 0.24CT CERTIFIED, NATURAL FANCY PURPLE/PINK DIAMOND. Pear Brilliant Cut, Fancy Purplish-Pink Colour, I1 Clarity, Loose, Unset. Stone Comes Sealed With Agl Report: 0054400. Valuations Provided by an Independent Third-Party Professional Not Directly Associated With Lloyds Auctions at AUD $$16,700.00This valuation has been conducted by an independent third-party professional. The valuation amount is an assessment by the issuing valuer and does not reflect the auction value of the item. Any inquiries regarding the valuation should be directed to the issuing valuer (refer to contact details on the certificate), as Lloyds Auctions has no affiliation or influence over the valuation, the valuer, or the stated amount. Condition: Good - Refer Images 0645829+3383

---

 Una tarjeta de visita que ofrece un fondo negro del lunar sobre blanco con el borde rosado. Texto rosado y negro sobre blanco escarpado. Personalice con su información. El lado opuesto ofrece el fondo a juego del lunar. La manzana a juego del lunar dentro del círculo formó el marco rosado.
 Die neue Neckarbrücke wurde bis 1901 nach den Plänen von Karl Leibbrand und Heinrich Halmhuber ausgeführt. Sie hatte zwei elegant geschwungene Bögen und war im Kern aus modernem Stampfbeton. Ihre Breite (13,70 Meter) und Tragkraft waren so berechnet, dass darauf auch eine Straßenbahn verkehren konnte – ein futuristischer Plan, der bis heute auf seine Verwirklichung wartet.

THE TASK:
From the records above, copy only the lines starting with the line that holds "Una tarjeta de" and going on through the line that holds "Die neue Neckarbrücke", exactly as written.

TASK OUTPUT:
 Una tarjeta de visita que ofrece un fondo negro del lunar sobre blanco con el borde rosado. Texto rosado y negro sobre blanco escarpado. Personalice con su información. El lado opuesto ofrece el fondo a juego del lunar. La manzana a juego del lunar dentro del círculo formó el marco rosado.
 Die neue Neckarbrücke wurde bis 1901 nach den Plänen von Karl Leibbrand und Heinrich Halmhuber ausgeführt. Sie hatte zwei elegant geschwungene Bögen und war im Kern aus modernem Stampfbeton. Ihre Breite (13,70 Meter) und Tragkraft waren so berechnet, dass darauf auch eine Straßenbahn verkehren konnte – ein futuristischer Plan, der bis heute auf seine Verwirklichung wartet.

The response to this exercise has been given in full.